Use a Bi-polar stopper motor.
You would just need a contact closure to increment the motor, if a few steps are needed, a 555 or 556 would do it.
A simple mechanical turn counter is also needed usually .

 

I'd be a little careful here--is it a good thing to make the wire guide move a whole 1mm in a single step, when the path of the wire on the bobbin is undoubtedly going to be a smooth helix? I think the geared system would actually be a better match for what's needed here. If you do want to use a stepper motor, it's probably better to make it take many steps during a single revolution of the bobbin. That would imply an encoder on the bobbin drive to generate those steps. Or you might fake it with an array of painted stripes on the rotating shaft and an optical or magnetic sensor.

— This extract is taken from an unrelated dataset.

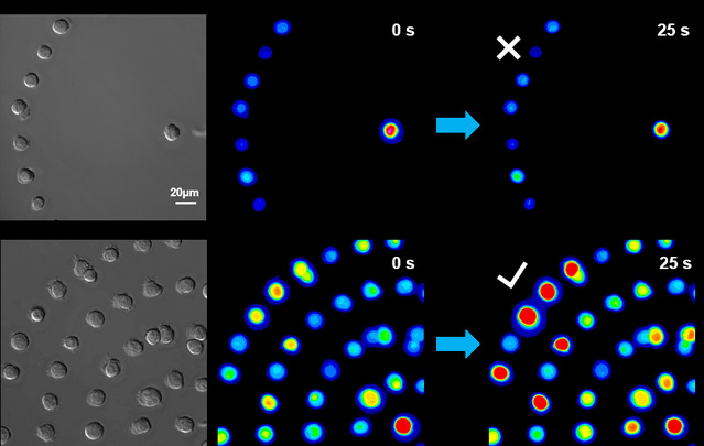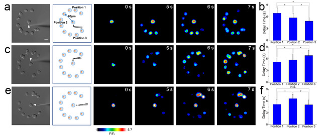 上述常规细胞培养过程中,细胞随机分布于基底,体系参量不可控,只能定性地研究胞间通讯特性。为了实现细胞间通讯模型化、参量可控化的定量研究,研究团队随后引入光刻图案化技术,改善工艺流程,在基底上精准实现小胶质细胞图案化分布控制(图2)。实验结果显示,微局域刺激圆心细胞不同位置,外圈细胞钙波呈现顺时针或逆时针传递,证明介导钙波传递的信使分子分泌具有刺激位置依赖性(图3);设计不同圈数同心圆图案,发现小胶质细胞间钙波传递存在中继站机制,即细胞在感受到信使分子之后自身又会分泌额外的信使分子,扩大了钙波传递的范围并且提高了传播速度和效率(图4),首次实验验证了中继站效应在钙波通讯方面的促进作用;利用椭圆形图案诱导细胞形成片状伪足,发现片状伪足对于信使分子具有更高的敏感性。以上结果可为阐明小胶质细胞快速有效的保护中枢神经系统机制提供新的实验支撑,也为体外研究细胞间通讯特性提供新的实验方案。

I just bought a few of these stepper drivers, and they seem to work very well. I'm using an Arduino Nano to control them.
https://www.pololu.com/product/1182

 

For very slow operation of a stepper, you do not need a sophisticated driver that requires a higher voltage than the stepper rating.
Just one of the simple boards I mentioned.
A stepper used at a very low RPM as this might be, just requires the same voltage as the plate voltage states.

 

Search Amazon for:

Usongshine Stepper Motor Driver TB6600 4A 9-42V Nema 17 Stepper Motor Driver CNC Controller +17HS4401 Motor Single Axes Phase Hybrid Stepper Motor for CNC/42 57 86 Stepper Motor


They have lots of different ones. This one is $20 you get a motor and microstepping driver. By selecting the microstep settings, you may be able to get the right step to bobbin-turn ratio using the interrupter you mentioned. I've used a few of these for knock-about projects and they work pretty well. The pulse and direction inputs are optos so that's easy too. Hard to beat for $20.
Good luck!

 

It's a simple Math problem ..........
Most "Step-per-Pulse" Stepper-Motor-Drivers have the option of "Micro-Stepping",
which means, with a 400-Step-Motor,
and a controller like the MP6500, ( ~$6.oo ),
You can advance the Motor in "Full-Steps", "1/2-Steps", "1/4-Steps", or 1/8th-Steps,
as well as Forward and Reverse,
as well as controlling the Pulse-Frequency.
That's up to 10-Steps per degree of rotation !!!
3600 pulses per revolution !!!

This, I assume would be turning a Screw with an attached Wire-Guide,
and a second Stepper-Motor turning the Coil-Form.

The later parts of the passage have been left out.